Полковник, не спуская с меня глаз, забрал бумагу, положил на стол.
— Появись такая бумага раньше… — начал я.
Он перебил:
— Но ведь она не появилась!
— Действительно… Выходит, Иван меня пожалел?
— Не знаю, не знаю, — полковник сел за стол, придвинул папку с бумагами, — не знаю, почему он не донес раньше.
— Донес?
— А как это называется на вашем жаргоне? Любовное послание?
— Действительно… — меня начал бить озноб. — А сейчас… меня повезут в Минск?
— Сейчас не те времена, — сказал следователь, — хотя и не полностью, но изменились, поэтому тебе отвечать на мои вопросы. Итак, что ты скажешь по поводу показаний Филиповича?
— А что тут говорить? Вранье все. Ничего такого я ему не рассказывал. У него, наверное, изменились условия содержания. Шесть лет молчал, потому что было терпимо, а теперь стало хуже, вот и хочет вырваться хотя бы на месяц.
— А ты философ! И много у вас на ОЛПе философов?
— Там все философы… — говорить мне больше не хотелось, все было ясно, но меня смущала его улыбка.

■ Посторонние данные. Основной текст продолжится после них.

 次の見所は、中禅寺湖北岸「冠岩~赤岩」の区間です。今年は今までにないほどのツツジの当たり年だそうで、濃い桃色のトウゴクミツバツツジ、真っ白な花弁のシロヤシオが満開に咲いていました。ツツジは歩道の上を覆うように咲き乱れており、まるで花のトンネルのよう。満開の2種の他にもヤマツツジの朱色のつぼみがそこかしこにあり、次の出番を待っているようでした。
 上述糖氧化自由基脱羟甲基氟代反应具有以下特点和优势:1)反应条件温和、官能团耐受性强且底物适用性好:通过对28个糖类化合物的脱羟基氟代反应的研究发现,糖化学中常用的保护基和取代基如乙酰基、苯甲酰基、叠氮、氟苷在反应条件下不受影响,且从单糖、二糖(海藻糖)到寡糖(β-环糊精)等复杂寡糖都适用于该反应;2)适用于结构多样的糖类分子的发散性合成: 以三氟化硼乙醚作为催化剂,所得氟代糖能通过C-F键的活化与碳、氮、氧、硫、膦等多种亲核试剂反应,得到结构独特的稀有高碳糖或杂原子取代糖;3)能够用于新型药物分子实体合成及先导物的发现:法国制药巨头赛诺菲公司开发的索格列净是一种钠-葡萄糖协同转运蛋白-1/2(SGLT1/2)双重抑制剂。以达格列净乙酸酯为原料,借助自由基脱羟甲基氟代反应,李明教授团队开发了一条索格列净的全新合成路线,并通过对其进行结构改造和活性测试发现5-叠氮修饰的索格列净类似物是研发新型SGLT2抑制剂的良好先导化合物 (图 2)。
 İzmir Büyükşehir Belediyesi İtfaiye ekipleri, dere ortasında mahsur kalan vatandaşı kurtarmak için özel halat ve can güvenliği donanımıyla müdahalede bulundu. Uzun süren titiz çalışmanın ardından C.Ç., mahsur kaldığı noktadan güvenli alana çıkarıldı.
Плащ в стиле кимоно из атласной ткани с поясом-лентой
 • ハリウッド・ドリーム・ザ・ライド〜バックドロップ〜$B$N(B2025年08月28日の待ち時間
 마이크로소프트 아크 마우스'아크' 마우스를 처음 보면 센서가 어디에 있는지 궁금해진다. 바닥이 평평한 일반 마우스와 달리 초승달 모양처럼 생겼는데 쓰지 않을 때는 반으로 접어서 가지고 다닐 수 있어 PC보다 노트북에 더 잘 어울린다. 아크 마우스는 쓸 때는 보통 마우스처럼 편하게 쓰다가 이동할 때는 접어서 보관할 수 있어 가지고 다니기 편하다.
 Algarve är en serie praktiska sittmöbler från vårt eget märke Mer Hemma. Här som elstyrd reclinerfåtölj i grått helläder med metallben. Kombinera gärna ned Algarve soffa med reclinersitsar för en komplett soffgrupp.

Вот он встал, подошел ко мне и с минуту смотрел прямо в мои зрачки, а потом нанес неожиданный удар:
— А ведь все это ты действительно говорил, Слонов! Так-то… Не надо принимать нас за дураков. И раньше болтали сами, и доносы друг на друга строчили, и соседа своего, фактически, сажали, мы только оформляли документы. Я после войны в Германии служил, в Чехии был, в Польше. Нигде такого нет, ни в одной стране!
— Гражданин следователь, вы что же, верите всему, что писал Филипович?

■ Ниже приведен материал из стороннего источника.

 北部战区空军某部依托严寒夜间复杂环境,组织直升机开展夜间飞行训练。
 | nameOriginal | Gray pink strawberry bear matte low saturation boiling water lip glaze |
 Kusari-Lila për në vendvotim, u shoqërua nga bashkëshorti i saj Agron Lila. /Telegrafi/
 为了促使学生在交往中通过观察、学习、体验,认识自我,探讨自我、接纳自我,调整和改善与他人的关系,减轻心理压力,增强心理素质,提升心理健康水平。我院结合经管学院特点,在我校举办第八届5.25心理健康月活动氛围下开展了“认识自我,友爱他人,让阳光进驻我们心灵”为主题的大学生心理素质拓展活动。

— Не о том речь. Врал ты, а не Филипович, вот в чем дело. Филиповичу век бы до такого не додуматься. Парень из белорусской деревеньки, до войны окончил восьмилетку, по комсомольской путевке был послан в военное училище, а тут война… Дальше плен, власовская армия. И то, что пошел туда, чтобы затем перебежать к своим, тоже похоже на правду, вот только не был он у Малышкина в штабе — рылом не вышел. У Малышкина был наш человек… И то, что его донос опоздал, он тоже не допер, так что давай признавайся, Слонов, чего уж…

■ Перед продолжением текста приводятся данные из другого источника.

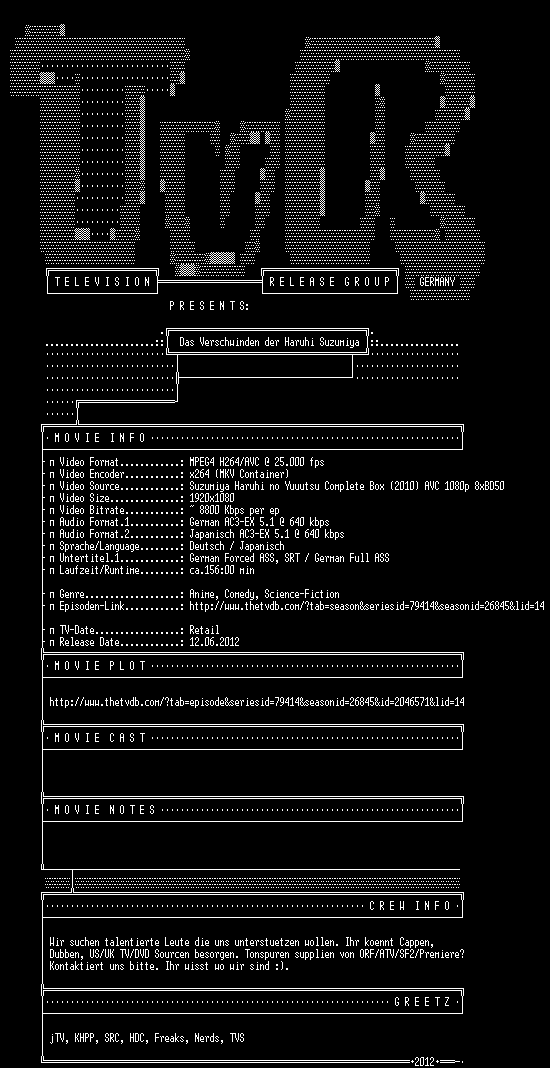 | FiLENAME: | Das.Verschwinden.der.Haruhi.Suzumiya.GERMAN.5.1.DUBBED.ANiME.DL.BDRiP.1080p.WS.x264-TvR.mkv |
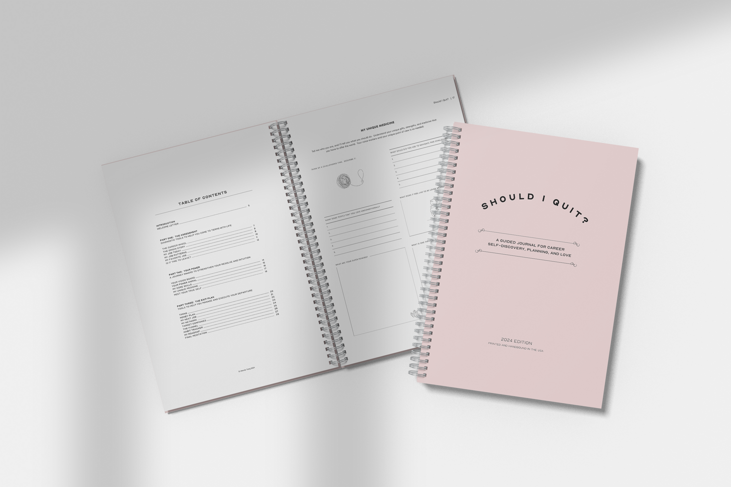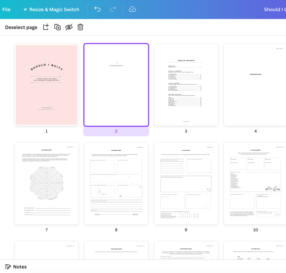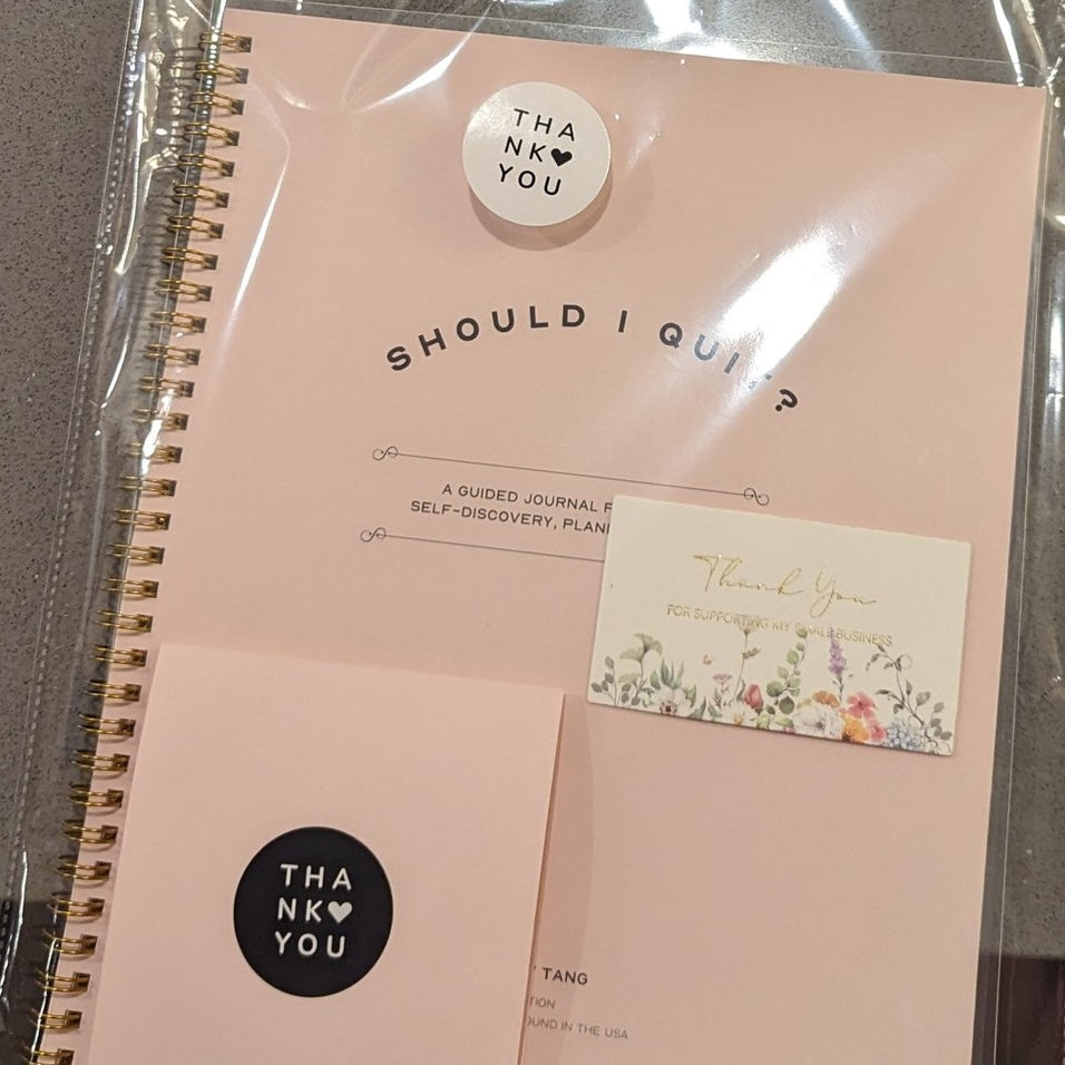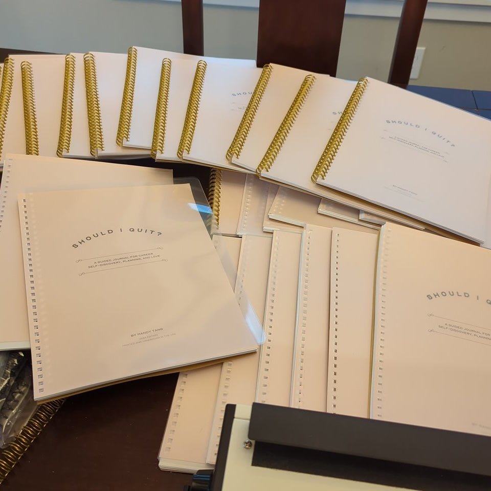 The "Should I Quit?" journal is a guided workbook for career self-discovery, planning, and love. A 28-page journal with exercises, and frameworks derived from career coach Mandy Tang. This is not just a journal with blank pages. There are 28 pages of prompts, fill in the blank questions, self-reflections, and guided exercises! Every single page is different.

Холодный пот выступил у меня на лбу. Что же теперь будет? И вдруг понял: ничего не будет! Следователь не станет раздувать мыльный пузырь — себе дороже, начальство подумает, дурак Бурылин, пора на пенсию. В крайнем случае, меня отругают… Тут я снова вспомнил о «голосах» из-за бугра. Что, если история с письмом Филиповича всего лишь для отвода глаз и через минуту следователь спросит: «Расскажи, о чем вам поведала радиостанция „Свобода“»? Это уже не бред, это преступление, и свидетелей хватает…
Должно быть, у меня был в этот момент совсем неказистый вид, потому что следователь снова подобрел лицом и спокойно сказал:
— Ладно, не переживай, будем считать, ты сам во всем признался.
— В чем признался?
— В том, что болтал.
— Но я…
— Ты допустил глупость, достойную школьника. А Филипович оказался еще глупее.
— Какую глупость?
— Фамилии «главарей» у тебя точно соответствуют наиболее распространенным фамилиям в данной республике. Сечешь?
— Секу…
— Так не бывает. Вернее, бывает у националистов. Ты же замахнулся на общесоюзную организацию.